An Astronaut on the Moon drops a rock straight downward from a height of 1.25 meters. If the acceleration of gravity on the Moon is 1.62 meters per second squared, what is the speed of the rock just before it lands?
V = sqrt(2 a X) when the initial velocity is zero.
a is the acceleration rate
X is the distance fallen
Solve for V
To find the speed of the rock just before it lands, we need to use the equations of motion. The equation that relates the speed (v), initial velocity (u), acceleration (a), and distance (s) is:
v^2 = u^2 + 2as
In this case, the initial velocity (u) is 0 m/s since the rock is dropped, and the acceleration (a) is 1.62 m/s^2 (gravity on the Moon). The distance (s) is the height from which the rock was dropped, which is 1.25 meters.
Using the equation, we can substitute the known values:
v^2 = 0^2 + 2(1.62)(1.25)
Simplifying:
v^2 = 0 + 4.05
v^2 = 4.05
To find v, we take the square root of both sides:
v = √4.05
v ≈ 2.012 m/s
Therefore, the speed of the rock just before it lands is approximately 2.012 meters per second.

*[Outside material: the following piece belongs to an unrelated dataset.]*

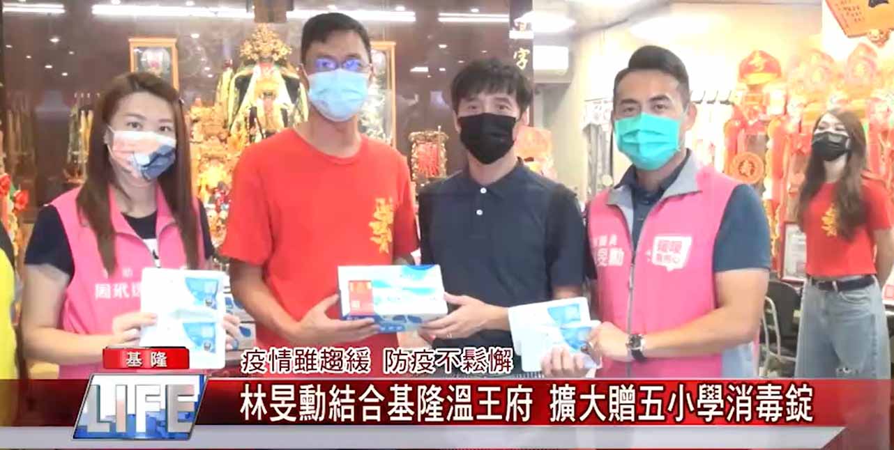 受贈前,五所國小校長和主任在市議員林旻勳帶領下,虔誠上香感謝基隆溫王府神明庇佑和加持致贈這一批消毒錠,也非常感謝市議員林旻勳的協助,每一所學校也都回贈感謝狀給基隆溫王府,表達由衷的感激。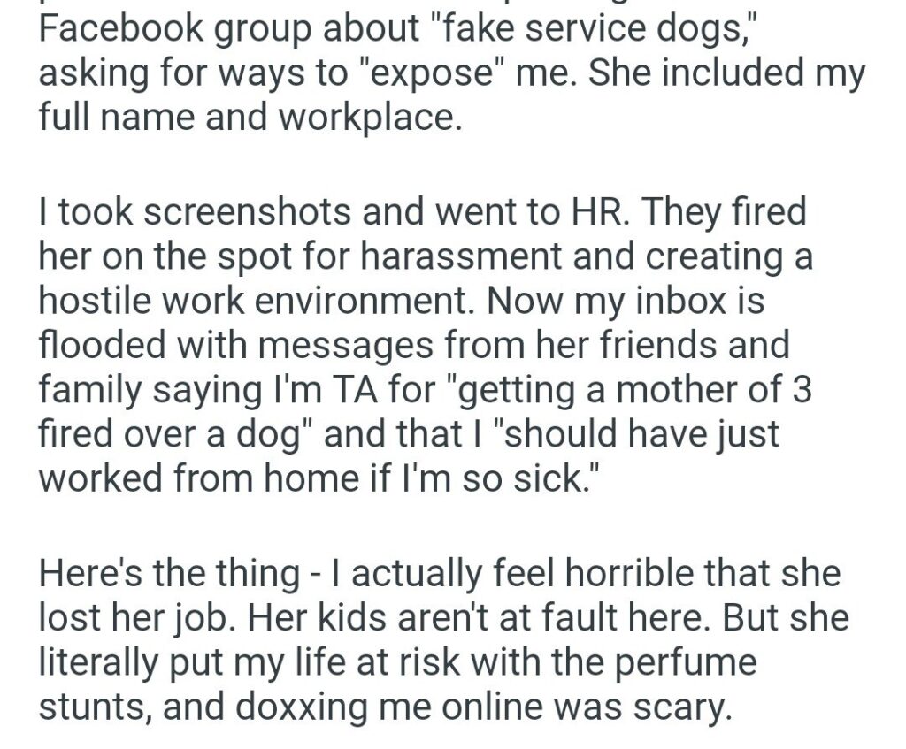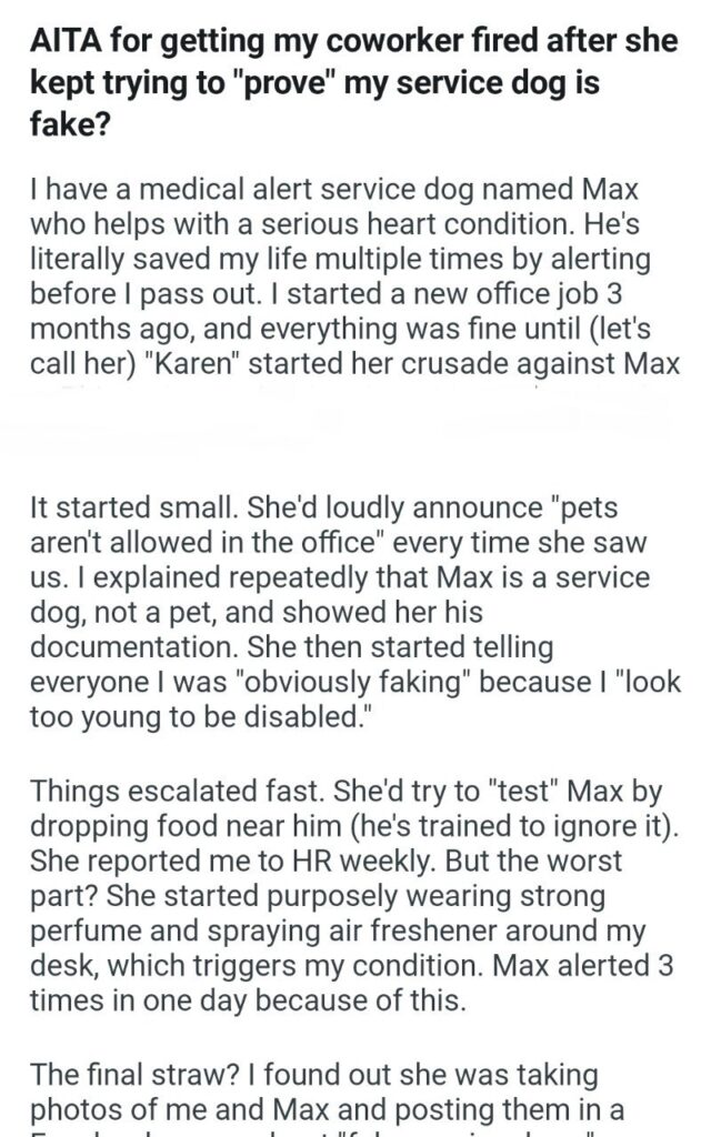 And this is where the story takes a turn from “unbelievably annoying” to “actually horrifying.” Karen, in her one-woman quest to “expose” a perfectly legal and necessary service dog, started purposely wearing strong perfume and spraying air freshener around the narrator’s desk. Why? Because this triggers the narrator’s heart condition.

To find the speed of the rock just before it lands, you can use the equations of motion. Specifically, you can use the equation that relates the final velocity (v), initial velocity (u), acceleration (a), and displacement (s).
In this case, the rock is dropped vertically downward, so the initial velocity (u) is zero. The acceleration due to gravity on the Moon is given as 1.62 meters per second squared (a). The rock falls from a height of 1.25 meters (s).
The equation you can use is:
v^2 = u^2 + 2as
Plugging in the known values:
v^2 = 0 + 2 * 1.62 * 1.25
Simplifying:
v^2 = 4.05
To find v, you take the square root of both sides:
v = √4.05
Calculating:
v ≈ 2.01 meters per second
Therefore, the speed of the rock just before it lands is approximately 2.01 meters per second.